Assignment: Once "下图为某厂生产的高钙片标签上的部分文字,请仔细阅读后回答下列问题." turns up in a line below, reproduce that line and those after it exactly, stopping after the line with "Speed VNA Analyzer"; leave pictures out.

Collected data

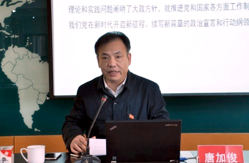 唐加俊深刻阐述了习近平新时代中国特色社会主义思想的时代背景、核心要义、创新观点和重大贡献,指出认真学习、深刻领会、大力宣传、全面贯彻党的十九大精神,是当前和今后一个时期的首要政治任务。希望街道工作人员能够把学习宣传贯彻党的十九大精神摆上重要议事日程,结合本地区本单位实际,作出专题部署,提出具体要求,学以致用推动发展。
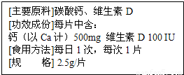 下图为某厂生产的高钙片标签上的部分文字,请仔细阅读后回答下列问题.
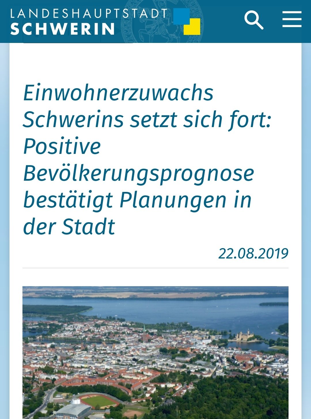 Hier die aktuelle Pressemeldung der Stadt, dass Schwerins Bevölkerung wächst:
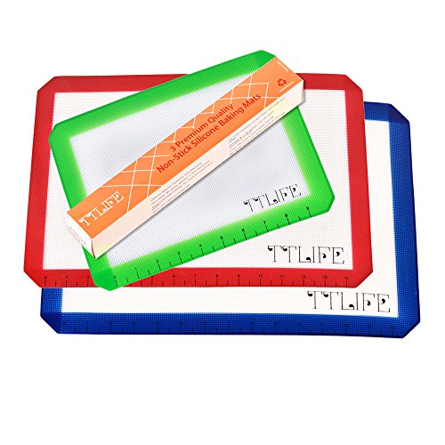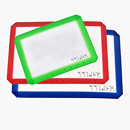 TTLIFE Silicone Non Stick Baking Mats with Measurements (3-Pack) - 2 Half Sheet Liners & 1 Quarter Sheet Mat - Professional Quality, Non Toxic & FDA Approved - Green, Red & Blue
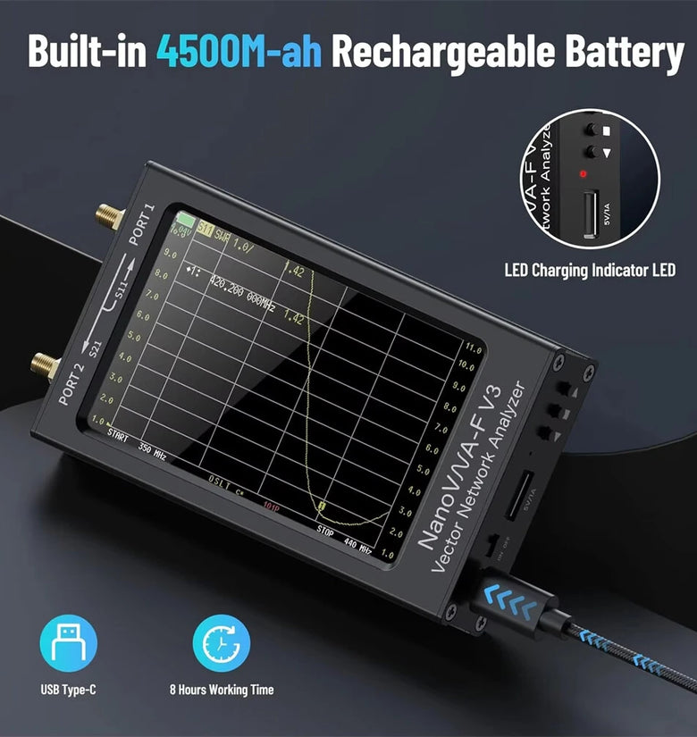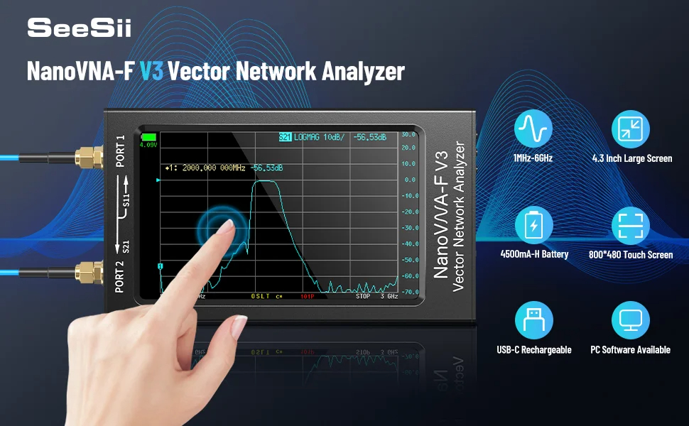 • NanoVNA F V3 Vector Network Analyzer 1MHz to 6GHz TDR Function 4.3 Inch Resistive Touchscreen High Accuracy Fast Sweep Speed VNA Analyzer
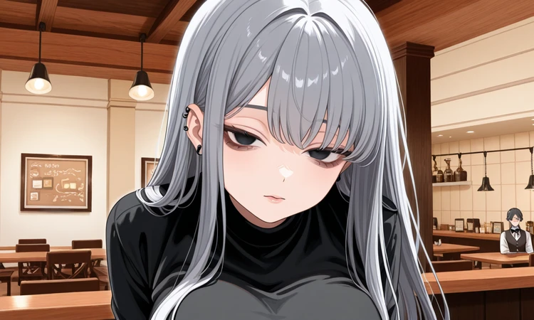 카운터 뒤에서 천천히 고개를 든다 긴 회색이 어깨를 스치며 부드럽게 떨어진다 어서 오세요. 미소 눈빛은 따뜻하지만 어딘가 낯설다 비 맞으셨죠 자리 앉으세요 금방 따뜻한 커피 드릴게요
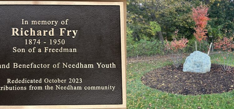 The Richard Fry plaque has been installed at Avery Field, completing the installation of a community project Green Needham began last year. Green Needham had been seeking an installer for the plaque. Wayne Whisler, in Needham’s Facilities Management department, stepped
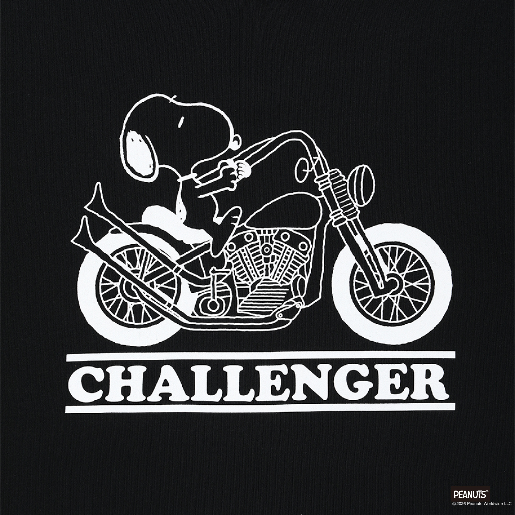 CHALLENGER/SNOOPY C/N SWEAT(BLACK)[スヌーピークルーネックスウェット-26春夏]
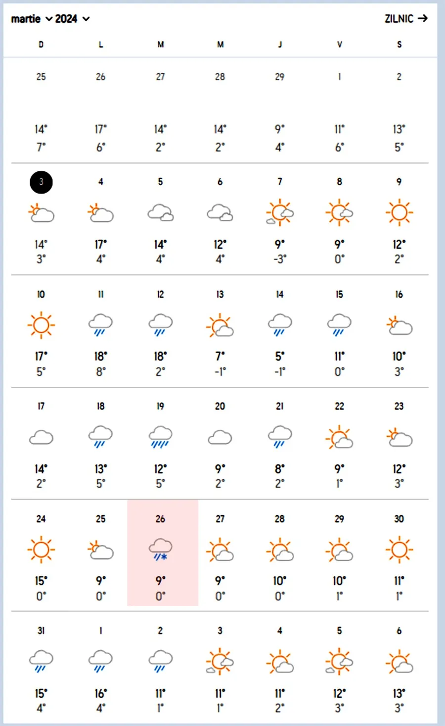 Mai mult, se pare că în luna martie, bucureștenii vor avea parte și de ninsoare. Potrivit prognozei Accuweather, finalul primei luni de primăvară va aduce și zăpadă. Mai exact, în data de 26 martie sunt anunțate ninsori, iar temperaturile se vor situa atunci între 9 și 0 grade Celsius.
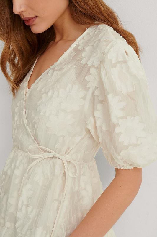 платье с цветами Данное платье имеет нижнюю часть, многослойный V-образный вырез, пышные короткие рукава с эластичными манжетами, собранную эластичную талию с самостоятельной застежкой, слегка прозрачный материал с рюшами. Это платье белого цвета. Состав: Подкладка: 100% Полиэстер Внешне: 100% Полиэстер
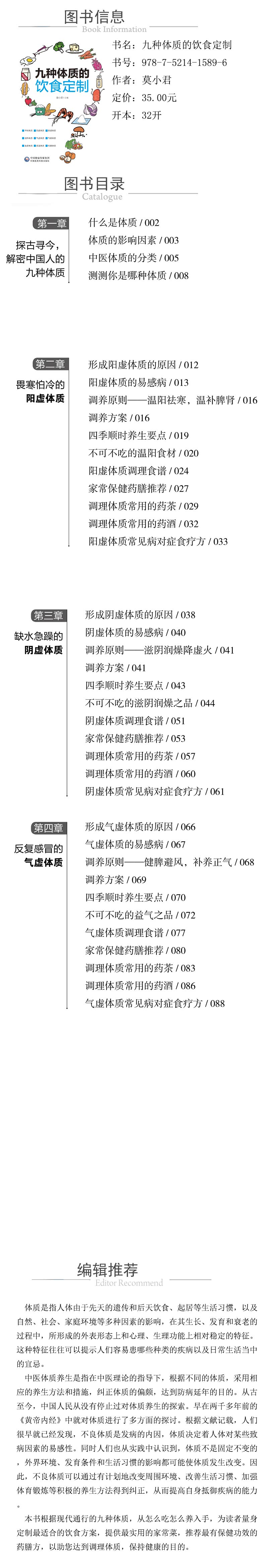 中医体质养生是指在中医理论的指导下,根据不同的体质,采用相应的养生方法和措施,纠正体质的偏颇,达到防病延年的目的。本书根据《黄帝内经》中的九种体质,从怎么吃怎么养入手,为读者量身定制*适合的饮食方案,为他们提供*日常的家常菜,*有保健功效的药膳方,调理体质,达到保健健康的目的。
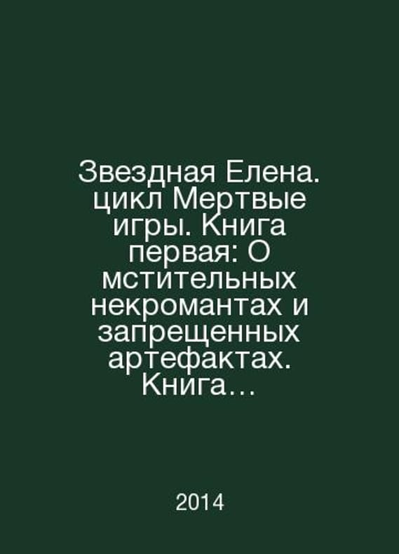 Star Eyes. Dead Games Cycle. Book One: On Vindictive Necromants and Prohibited Artifacts. Book Two: On Apostasy Magicians and Mysterious Rituals. In Russian /Zvezdnaya Elena. tsikl Mertvye igry. Kniga pervaya: O mstitelnykh nekromantakh i zapreshchennykh artefaktakh. Kniga vtoraya. O magakh-otstupnikakh i tainstvennykh ritualakh. Series: Witchcraft Worlds. M. Exmo 2014-2015. Contact us for details or to request photos of available books. Delivery of this book could take longer than normal due to additional handling time before shipping, and no rush delivery options are available. Please let us know if you have a specific date by which you need to receive your order.SKUalb4be41d213662c73e
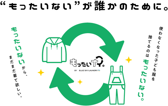 “もったいない”が誰かのために。とは、不要になった子供服を回収し、必要な家庭にお譲りする活動で、リユースを通じて新たな“地域コミュニティの場”をコインランドリーから発信することを目的としています。
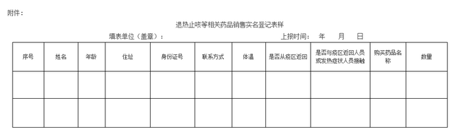 其中尤其提到,零售藥店對(duì)每日購(gòu)買退熱、止咳、抗病毒、抗菌素等藥品的人員,必須全部進(jìn)行實(shí)名信息登記(登記表樣如下)。
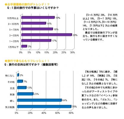今回の調査により、多くの方にとって旅行は毎年恒例のイベントであること、また、ストレス社会の日本においては身心をリフレッシュするために重要であると考える人が多いようです。
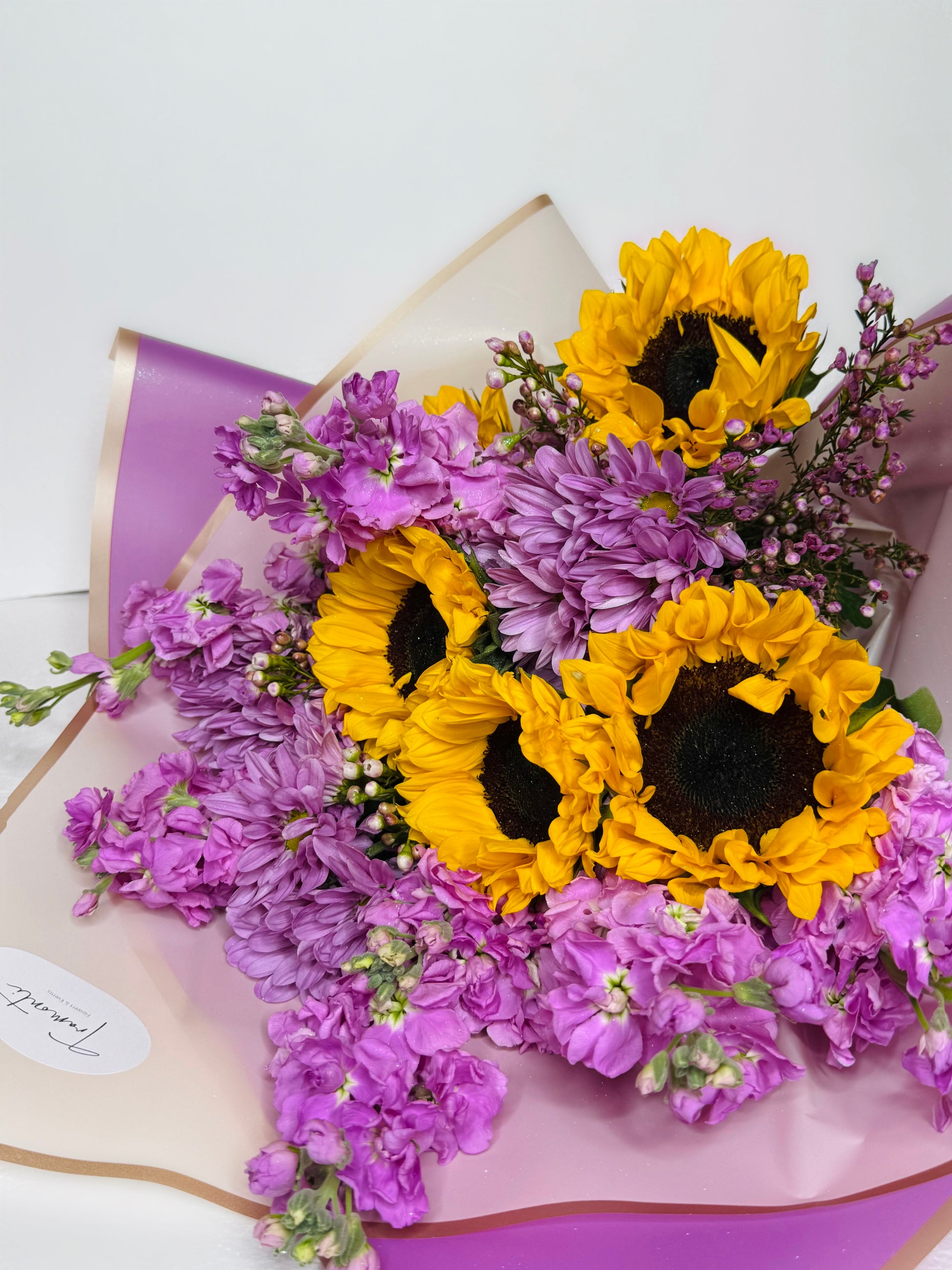 This bouquet is full of Jersey charm—bold, bright, and full of life. Big sunflowers bring warmth, purple stocks add a rich touch, and purple daisies keep it fun. Wax flowers fill in the details, making the whole thing feel fresh and effortless.
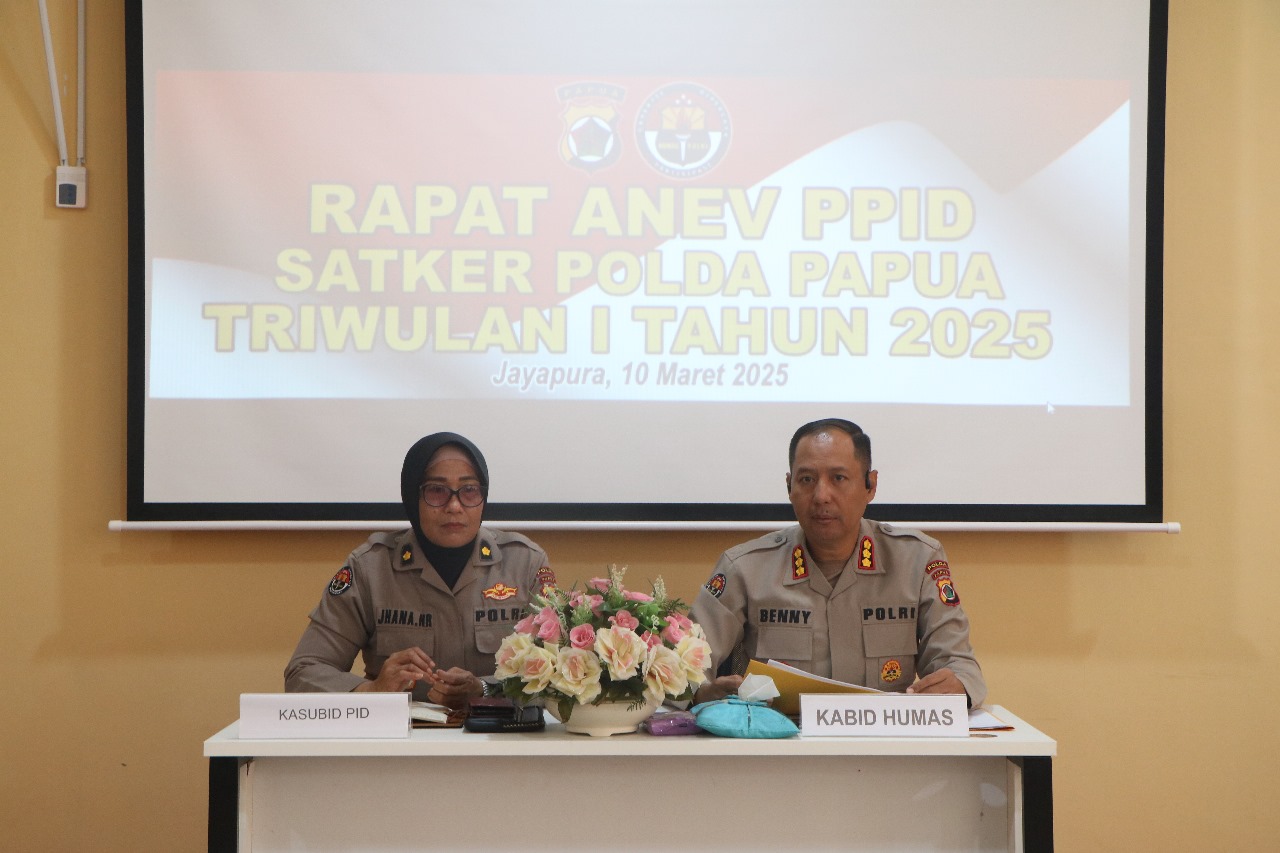 Papua – Kabid Humas Polda Papua Kombes Pol. Ignatius Benny Ady Prabowo, S.H, S.I.K., M.Kom., telah usai melaksanakan sekaligus memimpin jalannya Rapat Anev PPID Satker Polda Papua Triwulan I tahun 2025, Senin (10/03/25).

Completed task:
 下图为某厂生产的高钙片标签上的部分文字,请仔细阅读后回答下列问题.
 Hier die aktuelle Pressemeldung der Stadt, dass Schwerins Bevölkerung wächst:
 TTLIFE Silicone Non Stick Baking Mats with Measurements (3-Pack) - 2 Half Sheet Liners & 1 Quarter Sheet Mat - Professional Quality, Non Toxic & FDA Approved - Green, Red & Blue
 • NanoVNA F V3 Vector Network Analyzer 1MHz to 6GHz TDR Function 4.3 Inch Resistive Touchscreen High Accuracy Fast Sweep Speed VNA Analyzer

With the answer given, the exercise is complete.